* **Requirement**
Print every line of the listing below, starting with the line that holds "Voyager Step-In Air" and going on through the line that holds "(서울=포커스뉴스) 27일 오후", both included, and print nothing else.

* **Available records**
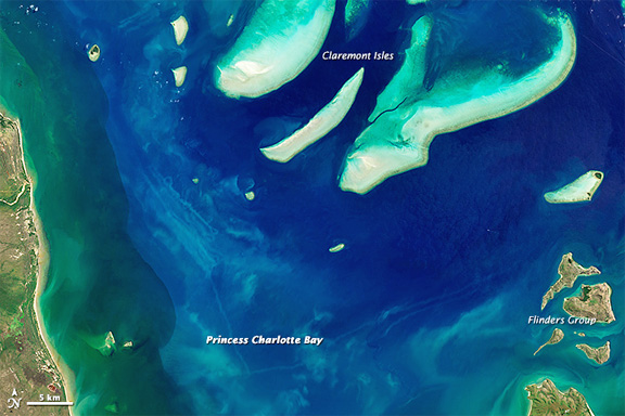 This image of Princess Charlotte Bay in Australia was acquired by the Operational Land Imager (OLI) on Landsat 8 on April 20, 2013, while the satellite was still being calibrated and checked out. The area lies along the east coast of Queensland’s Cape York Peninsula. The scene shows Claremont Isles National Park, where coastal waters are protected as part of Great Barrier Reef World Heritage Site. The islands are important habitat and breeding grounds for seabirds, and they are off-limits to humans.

==

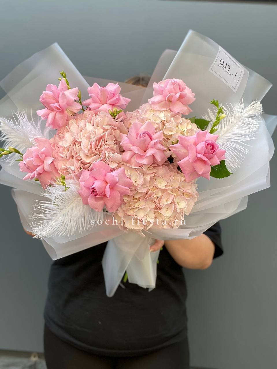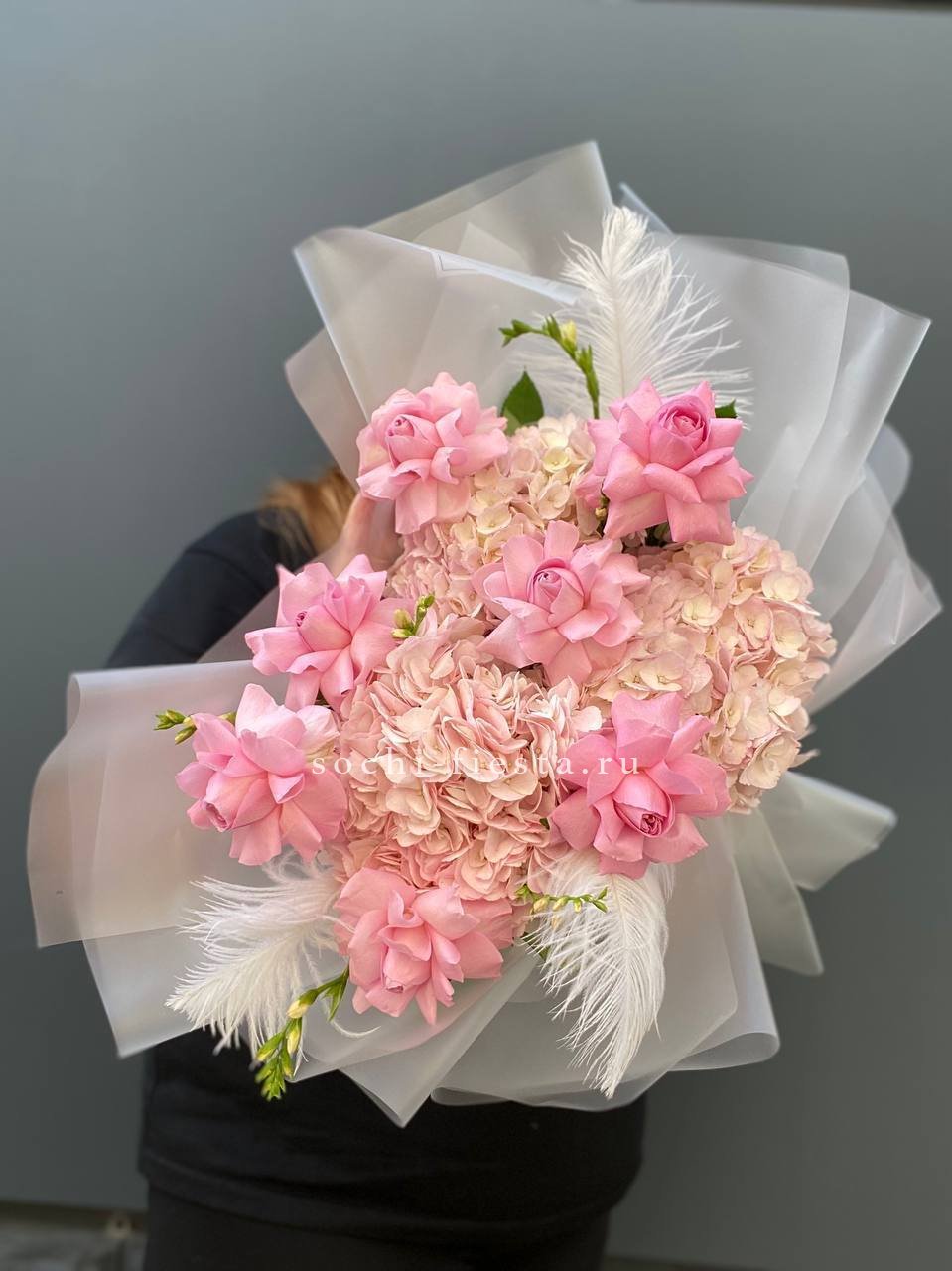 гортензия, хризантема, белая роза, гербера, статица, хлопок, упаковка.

==

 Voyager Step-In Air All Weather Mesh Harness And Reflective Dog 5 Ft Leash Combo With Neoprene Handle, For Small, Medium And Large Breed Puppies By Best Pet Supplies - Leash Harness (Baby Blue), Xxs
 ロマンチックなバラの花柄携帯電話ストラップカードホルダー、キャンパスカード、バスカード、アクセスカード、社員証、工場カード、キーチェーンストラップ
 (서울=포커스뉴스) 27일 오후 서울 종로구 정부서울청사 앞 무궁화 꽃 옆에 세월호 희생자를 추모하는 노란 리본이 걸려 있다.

* **Solution**
 Voyager Step-In Air All Weather Mesh Harness And Reflective Dog 5 Ft Leash Combo With Neoprene Handle, For Small, Medium And Large Breed Puppies By Best Pet Supplies - Leash Harness (Baby Blue), Xxs
 ロマンチックなバラの花柄携帯電話ストラップカードホルダー、キャンパスカード、バスカード、アクセスカード、社員証、工場カード、キーチェーンストラップ
 (서울=포커스뉴스) 27일 오후 서울 종로구 정부서울청사 앞 무궁화 꽃 옆에 세월호 희생자를 추모하는 노란 리본이 걸려 있다.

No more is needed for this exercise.